Mounting Evidence of Abuse by Chile’s Police Leads to Calls for Reform

SANTIAGO, Chile — The brutality of the Chilean police’s response to the country’s unrest is leading to sweeping calls for the force’s reform.

The protests, which started two months ago over an increase in subway fares and quickly morphed into a broader reckoning over inequality, included peaceful gatherings and violent confrontations with the police that resulted in thousands of instances of abuse, according to the National Institute for Human Rights, an autonomous state agency.

Almost 400 of the incidents documented by the National Institute for Human Rights are of torture and cruel treatment. Another 194 involve sexual violence, including four rapes. More than 800 involve excessive use of force by the police. The Institute has labeled at least six killings by security forces as homicides.

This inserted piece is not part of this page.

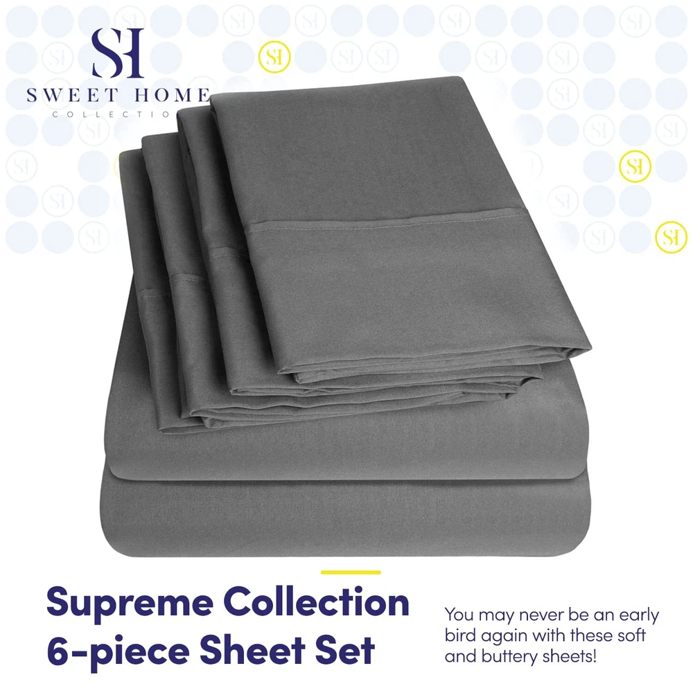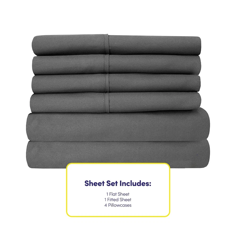 Transform your bedroom into a sanctuary of comfort and style with our luxurious 6-piece bed sheet set, meticulously crafted to provide the ultimate sleeping experience. Made from premium quality microfiber fabric, these sheets boast an irresistibly soft texture that will envelop you in pure bliss as you drift off to sleep. Say goodbye to rough, scratchy bedding and hello to the indulgent embrace of our sumptuous sheets, designed to pamper you with every touch. Whether you're curling up with a good book or drifting off into dreamland, our bed sheet set promises unparalleled comfort and relaxation, night after night. Experience the difference of a secure and snug fit with our innovative built-in sheet straps, ensuring that your sheets stay in place throughout the night. No more waking up to find your sheets bunched up at the foot of the bed or slipping off the corners. Our sheet straps are designed to provide maximum grip and stability, so you can enjoy uninterrupted sleep without the hassle of constantly readjusting your bedding. With our bed sheet set, you can rest easy knowing that your sheets will stay securely in place, even if you toss and turn during the night. Say goodbye to restless nights and hello to a peaceful and restorative sleep experience. Add a touch of personality to your bedroom with our wide selection of over 40 captivating colors and prints. Whether you prefer classic neutrals, bold hues, or eye-catching patterns, we have the perfect option to complement any decor style or personal taste. Mix and match different colors and prints to create your own unique bedding ensemble that reflects your individual style and personality. Elevate the aesthetic appeal of your bedroom and make a statement with our stylish and versatile bed sheet set. With so many options to choose from, the possibilities are endless. Each set includes a flat sheet, fitted sheet, and four pillowcases (except for twin and twin XL sizes, which come with two pillowcases), providing everything you need for a complete bedding ensemble. Our bed sheet set takes the guesswork out of styling your bed, offering a convenient and coordinated solution that is both functional and fashionable. Enjoy the convenience of a fully coordinated bedding look that exudes sophistication and elegance. Treat yourself to the luxury of premium quality bedding that offers both style and comfort in one convenient package. Experience the ultimate in comfort and style with our luxurious 6-piece bed sheet set. VALUE PACK: Our 6 PIECE Sheet set includes 2 more pillowcases than the inry standard 4-Piece Sheet set. SUPERB SHEET SET – Treat yourself to a matching sheet set for any and all of your bedrooms! Each luxurious sheet set contains 1 fitted sheet, 1 flat sheet, and 2 standard pillowcases. Finding a terrific basic sheet set on at a terrific value just become easier. This sheet set is a great gift idea for men, women, mothers, fathers, children, college students, all ages and for holidays, Christmas, Mother's, Father's, Valentine's Day, birthdays, special occasions. Surprise your friends and family with these elegant and durable sheets. PERFECT FIT FOR ANY BED – Sleep soundly for years to come! Your deep pocket sheets are fade, shrink, and avoid wrinkle . No matter if you need toddler bedding sets for boys, full size sheets for your teen, or queen and king size sheet for yourself, we’ve got you (and your bed) covered. SLEEP TIGHT SATISFACTION GUARANTEE – Get a good night’s sleep knowing your affordable bedroom decor also comes with access to top-notch customer service! 6 PIECE SET VALUE PACK: Our 6 Piece Sheet set includes 2 more pillowcases than the industry standard 4-Piece Sheet set. Following requests from customers we have added 2 Pillowcases prepacked with a 4 Piece Sheet resulting in more than a 50% SAVING on additional pillowcases that would normally be sold separately. Add style, comfort and luxury to your bedroom with these sheet sets. They promote the great night's sleep you've been looking for, making every morning a refreshing one. These sheets look/feel good at home, vacation, kid's room, guest room, college dorm. Our goal is to figure out how we can provide more savings and more quality to our customers. KING SIZE LUXURY BED SHEET SET MEASUREMENTS: 1 Flat (102"x105") 1 Fitted (78"x80") and 4 King Pillowcases (20"x40") w/ deep pockets that fit mattresses up to 16" deep with elastic around the fitted sheet. These sheets grip and fit better than any other sheet set! Bed sheet set is designed to fit nearly all mattresses with a depth that does not exceed 16". With added stretch and durable elastic the fitted sheet is designed to stay snug and fitted to your mattress. Use the pouch on the inner flap of the pillowcases to hold pillows inside while hiding the pillow as well. Finding a terrific basic sheet set on Amazon at a terrific value just become easier. This sheet set is a great gift idea for men, women, mothers, fathers, children, college students, all ages and for holidays, Christmas, Mother's, Father's, Valentine's Day, birthdays, special occasions. Surprise your friends and family with these elegant and durable sheets. Order our sheet set and share your feedback. We are constantly listening and monitoring our customer feedback. Egyptian Quality sheets at a great value! These 6 piece sets exceed comfort expectations, and are at a lower price than other sheet sets. Get more bang for your buck. Our 6 piece sets provide more value and flair than all the rest. We encourage customers to reach out and contact the brand regarding your experience. We want you to be 100% satisfied with your purchase and we pride ourselves on offering the best customer service in the business. Whether you’re calling with a simple question or telling us about your experience with one of our products, we strive to give each and every customer a personal experience. Care Instructions: Machine wash in cold water with similar colors. Tumb

These documented instances of human rights violations have brought new scrutiny to the Carabineros, Chile’s national police force, which was never purged or significantly reformed after the dictatorship headed by Gen. Augusto Pinochet ended in 1990. The Carabineros were deeply involved in human rights violations that left over 3,000 dead and disappeared and 38,000 tortured during Pinochet’s rule.

“We never thought we would have to come back to Chile under these circumstances to record massive human rights violations,” said José Miguel Vivanco, the America’s director of Human Rights Watch, when the organization presented its report on Chile last month. “We thought this was history.”

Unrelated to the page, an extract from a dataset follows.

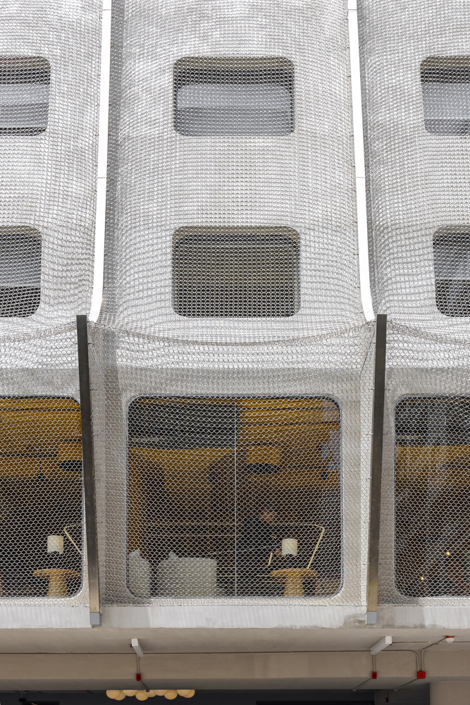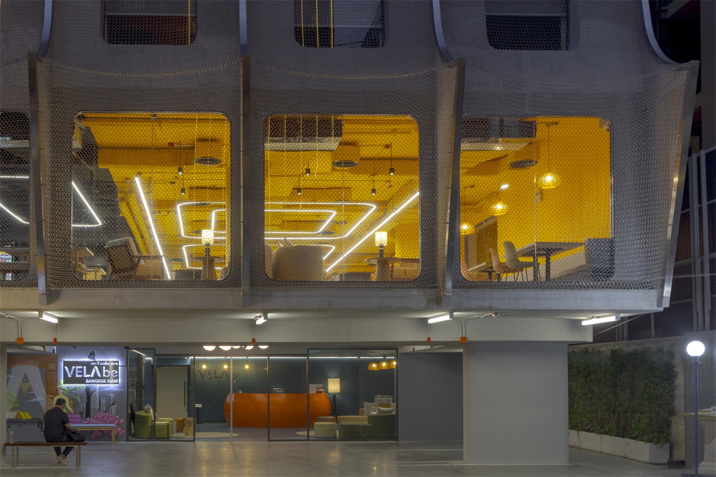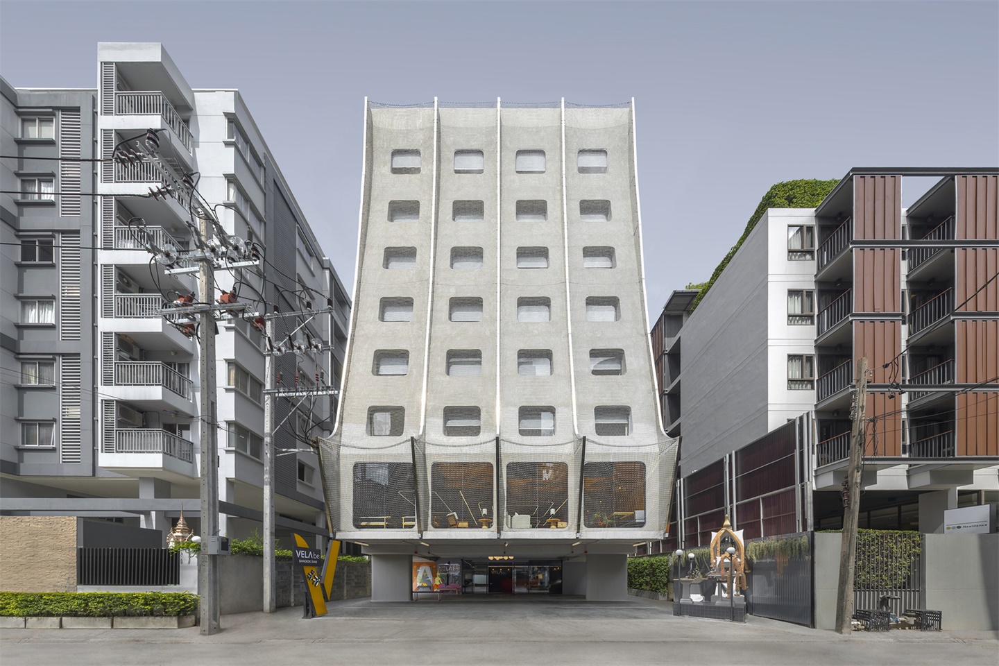 一家精品酒店设计近期在曼谷暹罗广场充满活力的中心区域开业,该街区以其丰富的文化和热闹的氛围而闻名。酒店醒目的外立面将泰国传统建筑元素与现代风格融为一体。其中一个核心元素是 “Pun-Lom”—— 一种常见于泰国古典住宅中的精致雕刻,是当地文化遗产的象征。建筑外部还装饰有闪亮的不锈钢链,它们代表着传统床上使用的蚊帐,在过去与现在之间架起了一座对话的桥梁。

The Carabineros declined a request for an interview, but this week its director, Gen. Mario Rozas, said there were 856 internal investigations related to the reports underway. He also announced structural and policy changes to the institution.

President Sebastián Piñera said accusations will be investigated, and welcomed into the country four human rights organizations, including the Organization of American States and the United Nations, which found “a high number of serious human rights violations.”

The government has also created a task force, led by Gonzalo Blumel, the interior minister, to propose reforms for the police force, and the police suspended the use of pellets.

But human rights groups say that the Carabineros are still firing tear gas cartridges at demonstrators’ bodies and heads, in breach of their own protocol. On December 10, International Human Rights Day, 8 people were injured this way — two of them, including a 15-year-old girl, are in critical condition.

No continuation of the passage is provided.